The one aspect of this series that bothers me is that it’s very much a man’s man’s world. There are very few positive, strong female characters. Oddly, Cole introduces the first two women to appear in Fortress Frontier by singling out their weight issues right from the start: Bookbinder’s wife Julie (“her slim body gone to the padded comfort of middle age but still beautiful”), and his administrative assistant Sergeant Pinchot (who “looked like she’d been stuffed into her immaculate uniform” and needs a body-weight waiver). Otherwise, these two barely have speaking parts. The next female character to appear is another secretary, who is sent to fetch coffee for the officers after saying all of two lines. Carried over from Control Point are the impressionable and naive Downer and purely evil Scylla. Sure, there are a few exceptions (e.g. the quietly competent Major Woon in Fortress Frontier), but for the most part, this book is so full of testosterone that it may turn off some readers.
Still, putting Control Point and Fortress Frontier side by side, it’s clear to see that Myke Cole has improved considerably as a writer. He’s carried over the strengths from his debut: smooth, fast-paced plotting, spectacular action scenes, and characters who experience internal struggles and personal growth under the most strenuous circumstances. He takes the series to the next level by introducing a brand new and very different protagonist while continuing to unpeel the layers of his setting and advance the story. Fortress Frontier is a better book than Control Point in almost every way. If you enjoyed Myke Cole’s debut, you should love this sequel.

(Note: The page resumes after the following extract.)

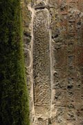 Only the shaft survives. This may be nearly the full original length although some may be missing at the top since the break is oblique and the pattern at this end incomplete. The top 30 cm of the shaft tapers noticeably inward towards the broken end. At the opposite end, the bottom 22 cm of the shaft is undecorated and represents the tenon which would have been morticed into a base. It is not certain whether the one visible face is front/back or side of the monument. Investigation has indicated that decoration survives on all the hidden sides of the shaft, and that all angles have an incised edge-moulding (Preston-Jones 2009, 18).
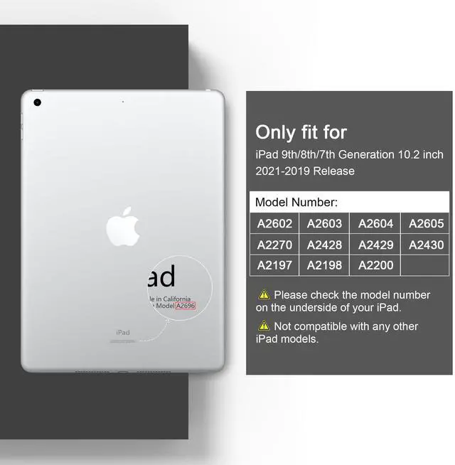 Specifically engineered for 10.2 -inch 2021 iPad 9th Generation (A2602/A2603/A2604/A2605), 2020 8th Generation (A2270/A2428/A2429/A2430), and 2019 7th Generation (A2197/A2200/A2198). Not compatible with other iPad models ^^ Magnetic protective cover automatically wakes iPad 10.2 when open and hibernates when closed to conserve power. Tri-fold stand provides the perfect viewing and typing angle ^^ The translucent frosted back cover lets you see the Apple icon in your favorite color, while the front cover combines a premium PU exterior, microfiber lining, and soft TPU for excellent scratch, impact, and drop protection to ensure long-lasting protection for the 10.2 -inch iPad ^^ Precise cutouts for all ports and buttons make it easy to access all the features of 10.2 iPad without having to remove the case too often.

This review was originally published at Tor.com on January 28th, 2013.
Note: I invited Myke Cole to respond to my review, specifically the section dealing with the way women are portrayed in his novels. The author declined.
Actually, the author did respond here: http://aidanmoher.com/blog/2013/02/articles/the-peril-of-the-contemporary-by-myke-cole/
Hi Myke, I enjoyed that post and read it before I posted my review here, but I don’t think it addressed the specific items I mentioned in my review. It does address the general idea that, once an author publishes a work, it’s out of the author’s hands, and you can’t control how a reader will interpret it. When I emailed you, I asked if you wanted to respond specifically to what I wrote about your female characters.
Dodging the question. That’s disappointing.
I don’t think the state of being female is a strictly contemporary phenomenon?